A equipe do ministro da Economia, Paulo Guedes, resiste à ideia de continuar com a ajuda de R$ 600, mas os parlamentares querem parcelas extras enquanto se faz a transição para o programa “Renda Brasil”.

“É óbvio que após a pandemia, as pressões políticas continuam”, disse o secretário-executivo do Ministério da Economia, Marcelo Guaranys. Segundo ele, o auxílio de R$ 600 é muito bom para a população. “A população recebia um Bolsa Família de R$ 190, passar a ter três vez mais isso é ótimo, mas não é sustentável, não conseguimos manter isso”, ponderou.

Bolsonaro, muito provavelmente, colocou os deputados e senadores do Centrão para morder a bunda do ministro da Economia, que se nega a “furar o teto” de gastos para pagar o auxílio emergencial. De acordo com Guedes, a ideia é segurar os gastos governamentais.

A pressão de Bolsonaro e do Congresso, juntos, tem a ver com a popularidade. Graças ao auxílio emergencial de R$ 600, durante a pandemia do novo coronavírus, a aprovação do presidente da República, de governadores e de prefeito nunca estiveram tão alta.

Por outro lado, o governo precisa de fazer “dinheiro novo” ou ligar das máquinas da Casa da Moeda para imprimir novas cédulas. Ocorre que a primeira opção significa criar novo imposto, a CPMF das transações eletrônicas, e a segunda opção, dizem os técnicos, causaria inflação e a furada do teto.
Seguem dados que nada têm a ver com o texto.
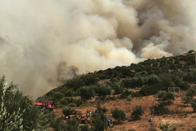 Υπενθυμίζεται ότι η φωτιά ξεκίνησε από τις παρυφές ενός λόφου όπου βρίσκονται σπίτι, ωστόσο στη συνέχεια κατευθύνθηκε προς την κορυφή καθώς στην περιοχή έπνεαν άνεμοι εντάσεως 5-6 μποφόρ που βοήθησαν το μέτωπο να «ανοίξει».
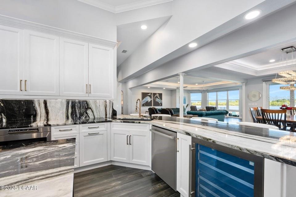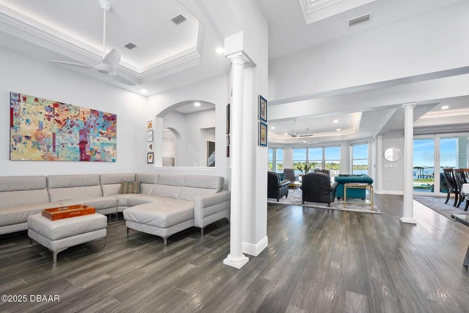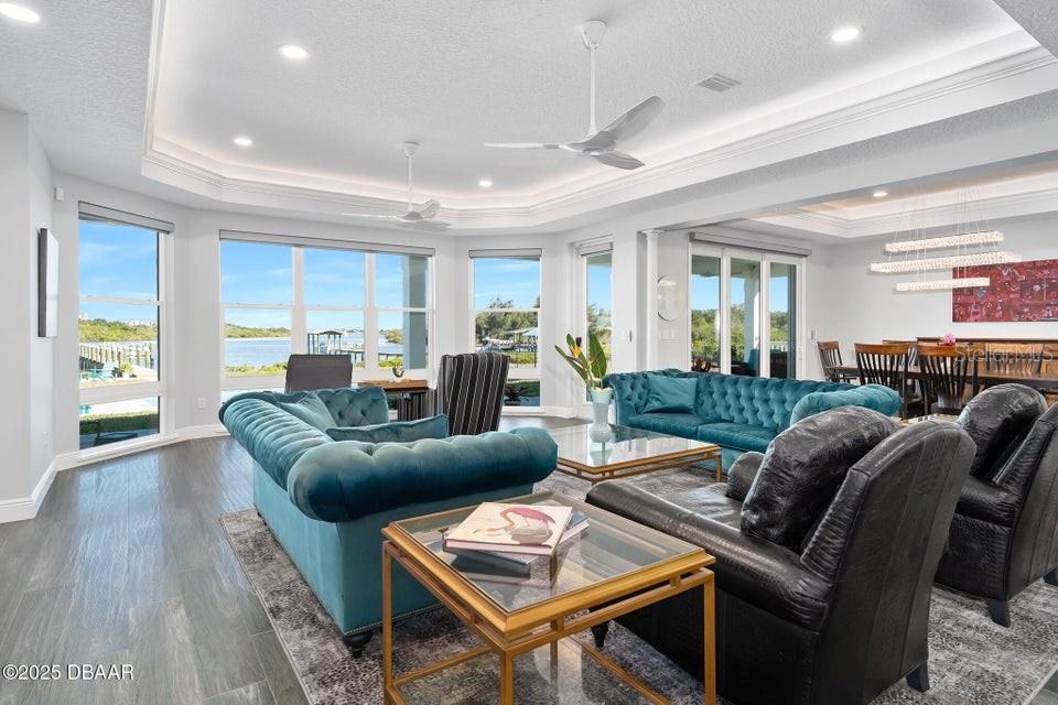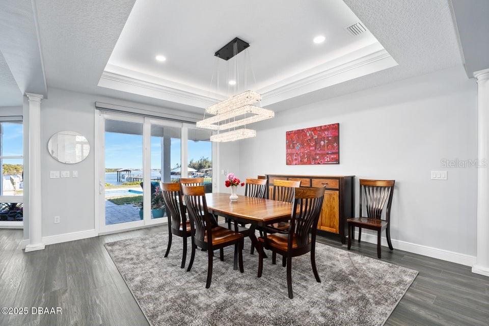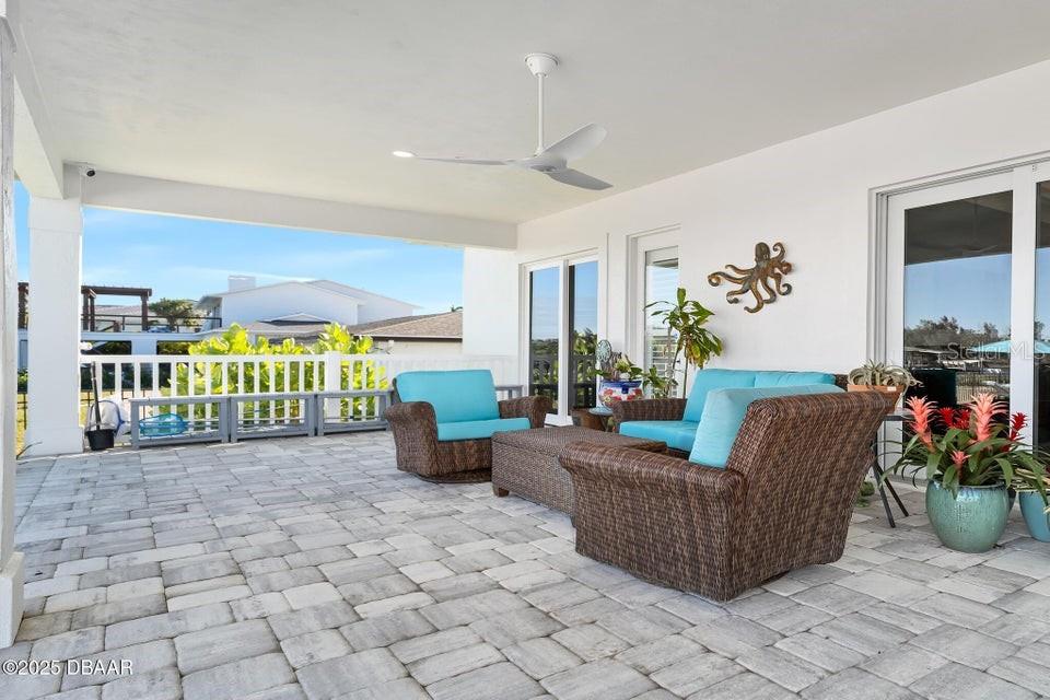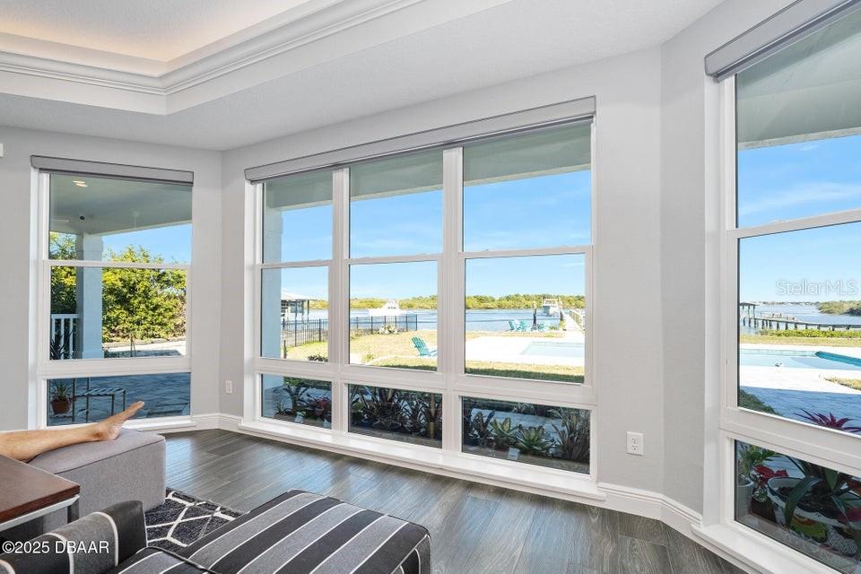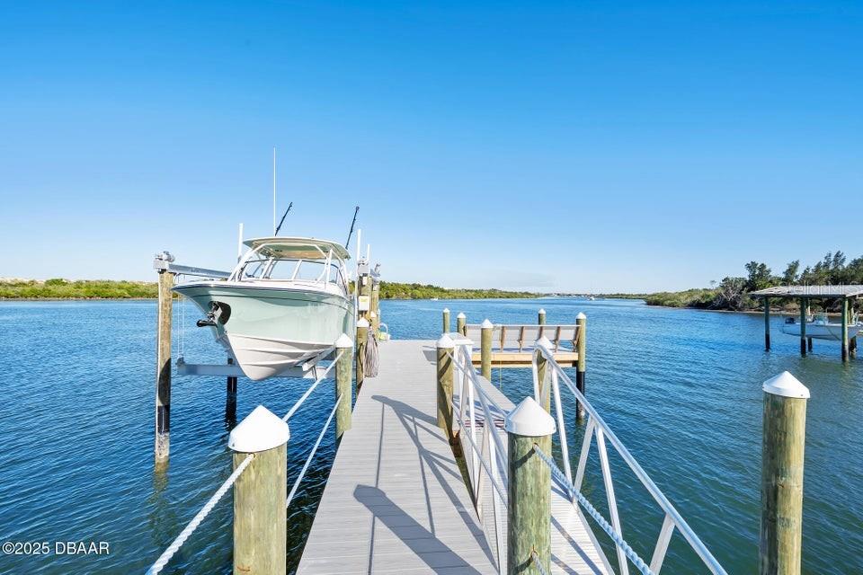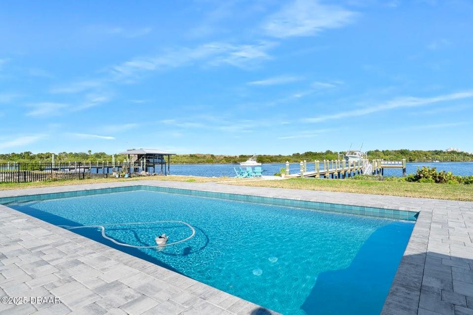 New Smyrna Beach deepwater at it's very best. Arguably the most sought after parcel in the beloved Inlet Shores community, this point lot gives way to long range water views down the Intracoastal and provides a front row seat to the wildlife and boat traffic that parade by daily. The custom 4 bedroom, 3 bath home with 3 car garage is perched on a gentle bluff with a fabulous waterfront lanai that serves as the owners' outdoor living room just above the pool, sprawling green lawn and new dock. Over the last year the owners have made a significant investment while the home underwent a complete interior and exterior renovation. The photos are lovely, but this property must be seen in person to be appreciated as no stone was unturned while contractors embarked on the tremendous task under the direction of a talented designer. Enter the home to be immediately greeted with panoramic water views through oversized windows and doors that create a wall of glass under volume ceilings. The main living and dining areas are all situated around the spectacular custom kitchen with stunning quartzite appointed over custom cabinetry complimenting the coastal contemporary interior spaces with a layout that is ideal for day to day relaxation or entertaining a crowd. The waterfront owners' suite is a true retreat with direct access to the covered patio and private spa. A cavernous walk-in with custom closet systems is just adjacent to the fantastic built-in wardrobe which sits just inside of the new luxury bath. Bedroom two is currently used as a home office and exercise room with a convenient optional door just off of the primary bath. A poolside waterfront guest suite is tucked into a quiet corner of the home with glass doors that open onto the covered patio and pool beyond. An adjacent bath services the guest room and doubles as a pool bath with an exterior door. The generous fourth bedroom is opposite a beautiful common bath. The architect left plenty of room for the imagination with a staircase leading to an unfinished bonus room above the garage that is currently vast storage, but could easily be finished as a 5th bedroom, game room or den. Step outside for unparalleled views of the water where the Intracoastal Waterway and Hunter Creek intersect and two natural mangrove shorelines create a serene backdrop that will never be developed. Truly an ideal position for a boater, sailor or yachtsman just inside of Ponce Inlet with a direct shot to the Atlantic Ocean through Rock House Creek in an outboard or a slightly lengthier course via the marked channel. The newly constructed and highly engineered dock with 16000lb lift and floating staging dock below has over 10' of water at low tide. On a falling tide, the baitfish from the estuary of Hunters Creek mingle with the larger river directly in front of the dock and it is not uncommon to see the surface of the water explode in a feeding frenzy. Whether fishing the mangroves, relaxing on Disappearing Island or heading out the inlet on the way to The Bahama Islands, there is not a more perfect location in this part of Florida than 59 Cunningham Drive. This 2009 built solid concrete block home warrants a personal visit to be appreciated and to realize the high level of renovations that include the entire interior with top of the line appointments, new impact windows and doors, new air conditioning systems, roof, dock and newly renovated paver appointed, heated, saltwater 30,000 gallon pool.
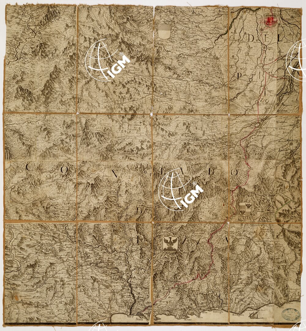 Nuova edizione della così detta “Carta di Madama Reale” costruita dall’ingegnere cartografo G. T. Borgonio disegnatore e calligrafo, addetto fin dal 1650 alla corte Sabauda, e pubblicata nel 1680 in 15 fogli incisi su rame. La carta del Borgonio rappresenta un grande progresso nella cartografia del Piemonte essendo essa di gran lunga superiore alle precedenti produzioni cartografiche di quella regione. Per quanto non poggiata su una vera e propria base geometrica, sì da doverne accusare l’inesattezza nell’orientamento e nella misura delle distanze, essa nondimeno è particolarmente pregevole sia per la ricchezza di informazioni relative agli abitati, strade, corsi d’acqua, sia per la rappresentazione dell’orografia efficacemente dimostrata alla cavaliera. La carta del Borgonio rimase famosa ed apprezzata per circa un secolo e mezzo: ad essa si ispirarono successivi cartografi come il Coronelli, De Fer, Mortier, R. de Vaugondy. Divenuta rarissima se ne pubblicarono nuove edizioni una delle quali a Londra nel 1765 a cura di A. Dury, e l’altra a Torino nel 1772 a cura dell’incisore piemontese Stagnone tratta dagli stessi rami del Borgonio ma corretti ed arricchiti, e con l’aggiunta di nuovi sì da estendere la carta alla Liguria e a parte della Lombardia.
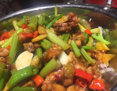 味道还不错,过于咸,但是菜量太少!干锅牛蛙里面全都是芹菜和洋葱,牛蛙非常少!烤肉味道还不错,性价比比炒菜高,环境还不错,地方比较大。
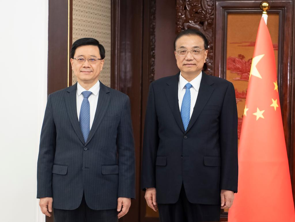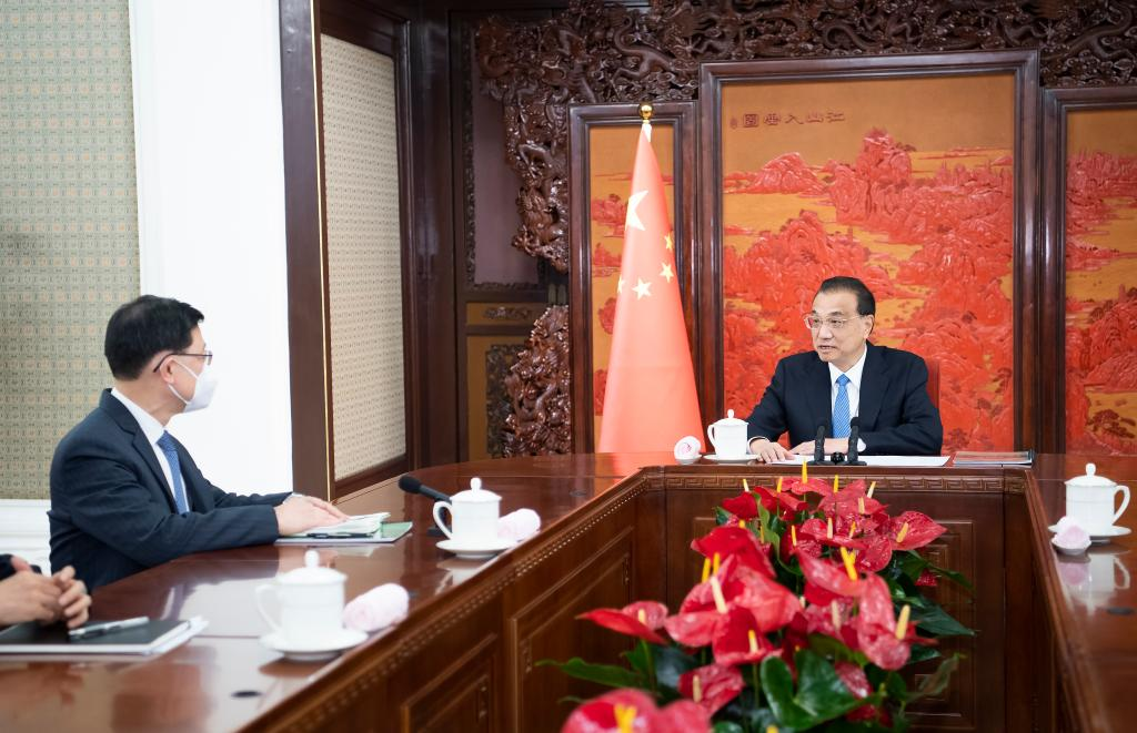During the meeting, Li heard a report on Hong Kong's current situation and the HKSAR government's work.

“Não dá para criar novos impostos a cada crise, a gente tem que olhar e voltar ao que estávamos discutindo [equilíbrio fiscal]. Pode ser mais fácil abrir um espaço fiscal no orçamento para aumentar o investimento púbico, mas isso é um ciclo vicioso”, disse hoje o presidente da Câmara, Rodrigo Maia (DEM-RJ), que utiliza a contradição para tentar continuar no cargo.

Paulo Guedes defende que o auxílio emergencial seja reduzido entre R$ 200 e R$ 300 dentro do programa “Renda Brasil”.

O presidente da Câmara, mais alinhado ao ministro da Economia, afirma que é difícil manter os R$ 600. “É muito difícil”, disse Rodrigo Maia, mostrando-se mais ajustado aos interesses do sistema financeiro.